Food & non-alcoholic beverages, the second largest basket item in weighting, accounted for 0.4 percentage points of the total inflation figure. Food and non-alcoholic beverage prices increased by 2.1% y/y, ticking up from inflation of 1.7% y/y recorded in December. Prices in twelve of the thirteen sub-categories recorded increases on an annual basis. The largest increases were observed in the prices of fruits which increased by 13.8% y/y and vegetables which increased by 8.4% y/y. The meat sub-category meanwhile saw a marginal price decrease of 0.5% y/y in January. Rainfall figures have so far been mixed, with the northern and eastern regions receiving normal- to above-normal amounts of rain, and the central and southern regions receiving below-normal amounts of rain. Should these regions continue to experience poor rainfall for the rest of the rainy season, local food production will be affected which could lead to higher food price inflation.

Alcoholic beverages and tobacco prices, making up approximately 12.6% of the overall inflation basket, was the third highest contributor to the annual inflation rate in January, with prices of the basket item increasing 0.1% m/m and 2.6% y/y. The main driver in this basket category was alcohol prices which increased by 4.4% y/y while tobacco prices were down 5.1% y/y.

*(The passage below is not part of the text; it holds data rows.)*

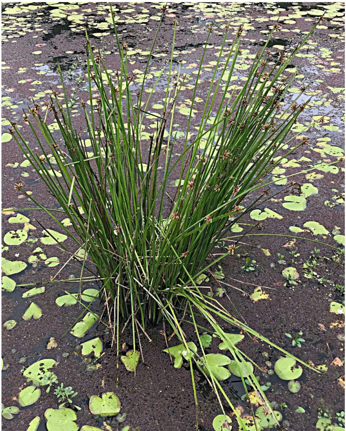
Triangular Clubrush ( Schoenoplectus mucronatus ) This SEQ native Clubrush has been planted (pJW) around the edges of the Red 9 ponds.
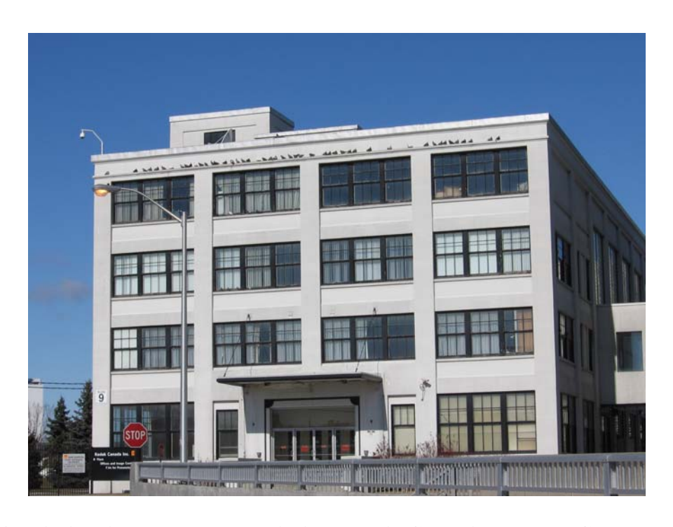
Employees' Building (also known as Building No. 9), Canadian Kodak Company, showing the principal (south) façade
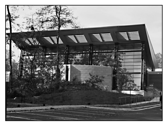
Reston - United Christian Parish Church 11508 North Shore Drive, Reston, VA 20190
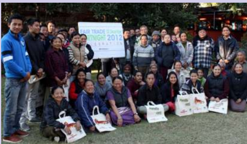
The Fair Trade Fortnight celebration was organized by IMEX on 05 December, 2012
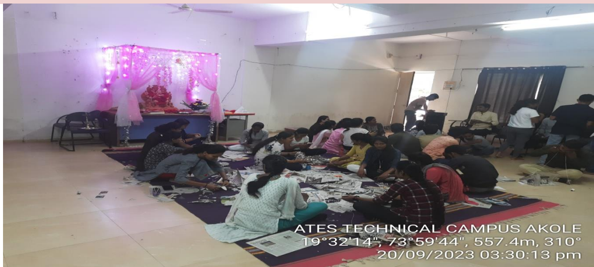
ATES TECHNICAL CAMPUS AKOLE 19°32'14", 73°59'44", 557.4m, 310° 20/09/2023 03:30:13 pm

According to the zonal data, the northern regions of the country recorded the highest rate of inflation in January at 1.2% m/m and 2.6% y/y. The central region recorded the lowest inflation rate at 0.2% m/m and 1.0% y/y, while the mixed zone 3 covering the south, east and west of the country recorded inflation of 0.5% m/m and 2.5% y/y.

As the graph above depicts, Namibian annual inflation has been slowing almost consistently since November 2018, and is currently trending at levels last seen in 2005. January’s figure of 2.1% y/y is particularly low as a result of annual rental adjustments being put through. According to the NSA, the prices for the rental payments for dwellings sub-category declined by 1.5% y/y in January. As the tough economic conditions persist, it is ever more difficult for landlords to push up rental prices. As rental payments make up a large portion of the CPI basket, the deflationary adjustment means that Namibian annual inflation in 2020 is likely to be well below Namibia’s long run average. IJG’s inflation model forecasts an average inflation rate of 3.3% y/y in 2020. Lower expected inflation, coupled with low economic growth forecasts means that there is a lot of leeway for the Bank of Namibia’s MPC to cut the repo rate at its February meeting.